Notre Dame was Paris’s most visited tourist attraction, a masterpiece of Gothic architecture that attracted more than 12 million visitors each year. But many people in France also hailed it as a cultural symbol, a visual anchor of Paris, and a reminder of the Catholic traditions that underpin a proud secular republic.
The cathedral’s iconic bell towers and ornate stained glass withstood the flames. The crown of thorns that Jesus allegedly wore at his crucifixion was saved. But the roof collapsed, the medieval wooden interior was obliterated and many artifacts were lost. The cause of the fire is still unknown.
As President Emmanuel Macron stood in front of Notre Dame that night, with smoke still rising, he vowed, “We will rebuild this cathedral.” He hoped to have it ready for visitors by July 2024 when France hosts the Summer Olympics. But French officials say they are now targeting the end of 2024.
“We will have two extraordinary events in France in 2024: the Olympic Games and the reopening of Notre Dame,” Jean-Louis Georgelin, the French army general overseeing the project, told journalists who toured the wood workshop on Thursday. “In these two events, the image of France is at stake.”
Villeneuve was involved with Notre Dame before the fire and has overseen repair work since 2013. He wasn’t in Paris when the first fire engines rushed to the cathedral.
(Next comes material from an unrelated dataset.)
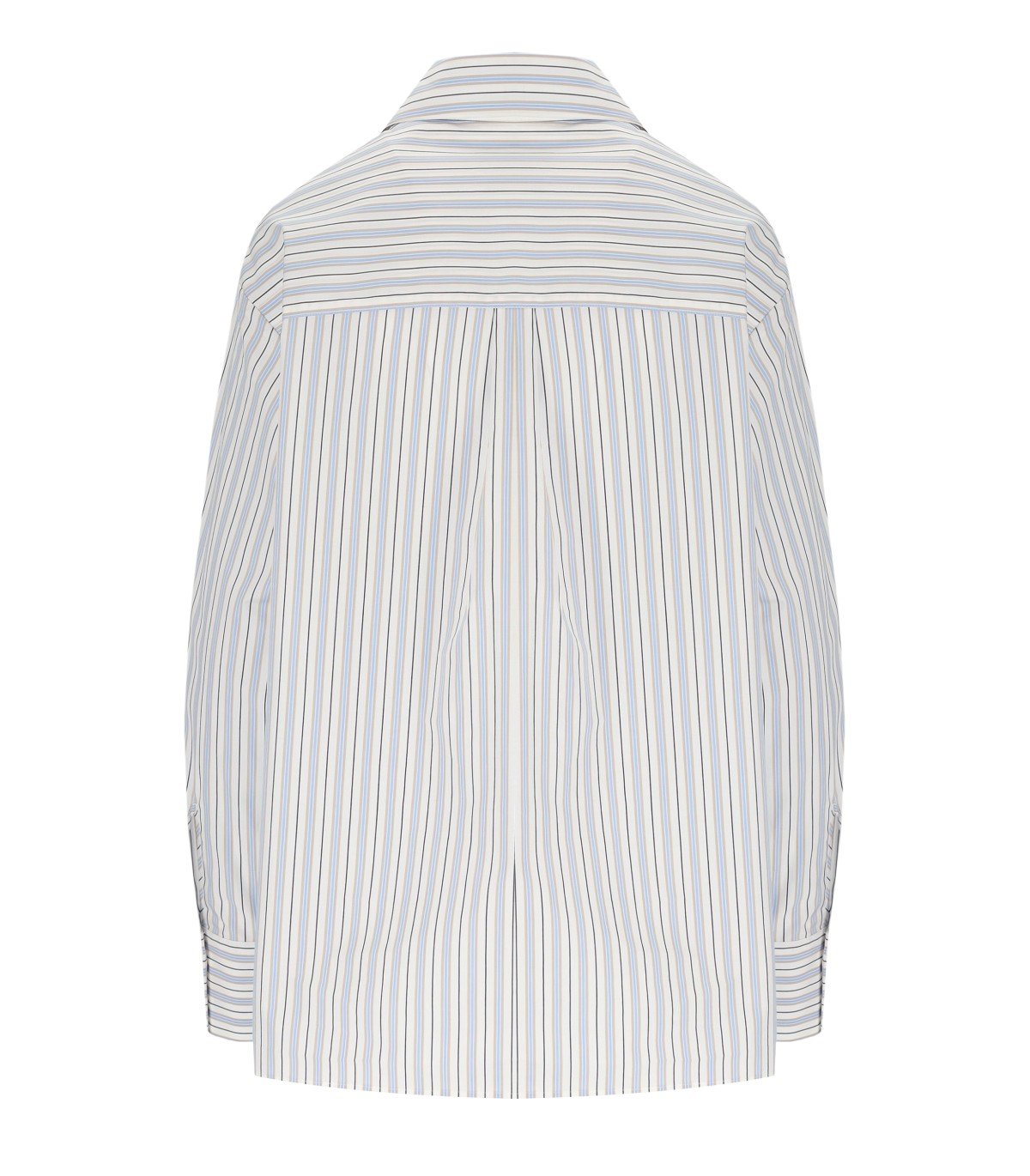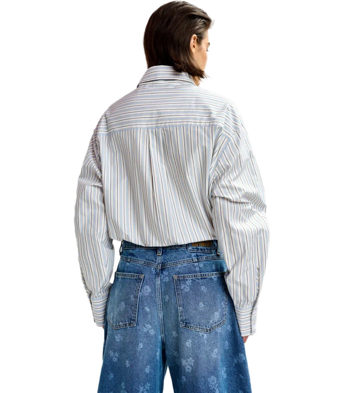 Jomato-Hemd von Essentiel Antwerp aus weißer Baumwolle mit vertikalen Streifen in Blau-, Hellblau- und Ockertönen. Oversize-Kragen, der gebunden werden kann und so einen stilvollen Akzent setzt, abgerundet mit goldfarbenen Schmuckknöpfen. Oversize-Passform.

But as soon as he heard it, he jumped on the last train from the Atlantic coast.
“Fortunately I didn’t see the tower collapse,” he said. “I don’t think I would have really recovered from that.”
In the days that followed, he and his team identified the most destabilized parts of the cathedral. Over the next two years, while workers secured the building, French architects, church officials and politicians discussed the reconstruction.
Some architects suggested reconstructing the collapsed roof as a greenhouse or using stained glass instead of wood, or even replacing it entirely with a swimming pool. Not all of these proposals seemed serious, but advocates of a modernized design argued that the fire represented an opportunity for a fresh start, as previous generations of architects had done.
Notre Dame has undergone numerous changes in its more than 850-year history. Over the centuries, the cathedral’s windows have been widened and the flying buttresses reconstructed. After an old tower was removed for safety reasons in the 18th century, the cathedral went decades without what is now its most iconic feature. Under the architectural direction of Eugène Emmanuel Viollet-le-Duc, Notre Dame underwent such dramatic changes in the 19th century that many scholars now say the building is more representative of the period than of its medieval origins.
Successive French presidents have strived to make their mark on central Paris by personally championing projects such as the Louvre Pyramid and the Center Pompidou. Macron, elected on a platform of renewal two years before the fire, suggested a “contemporary architectural gesture” in the new tower design. But after a backlash – including a threat of resignation from architect Villeneuve – he advocated a reconstruction that faithfully replicated the original.
However, it will look different in some ways.
“Before the fire, we had a very dirty cathedral – walls that looked almost black or dark gray because of candle and smoke pollution,” said Sandron, the art historian. “Now the color of the stones is very light.”
Aurélien Lefevre, who leads a group of carpenters working on the rebuild, said the project remains a challenge – but not one that is insurmountable. Problems can arise at any time, which is why last week’s trial run of installing the wooden beams was a crucial step.
“We are not immune to forgetting something,” said Lefevre.
Participating in the project can be a unique opportunity, especially for younger carpenters, he said.
Nearby, dozens of carpenters sawed, hammered, and polished wooden beams from centuries-old oak trees. More than 1000 carefully selected trees from all over France were felled for the reconstruction.
At the edges of the workshop, the wall skeletons for local building projects have been pushed aside to make room for the project, which will be a priority over the coming months.
Outside, Villeneuve rattled off a list of project milestones: “The galleries are complete, the north and south transepts are complete.”
Other parts – including the tower, decoration, vault and furniture – are still a work in progress. But after the shock and devastation of 2019, any sign of progress matters to those who care about the building.
“It’s balm on my scars,” said Villeneuve. “By rebuilding the cathedral, I am also rebuilding myself.”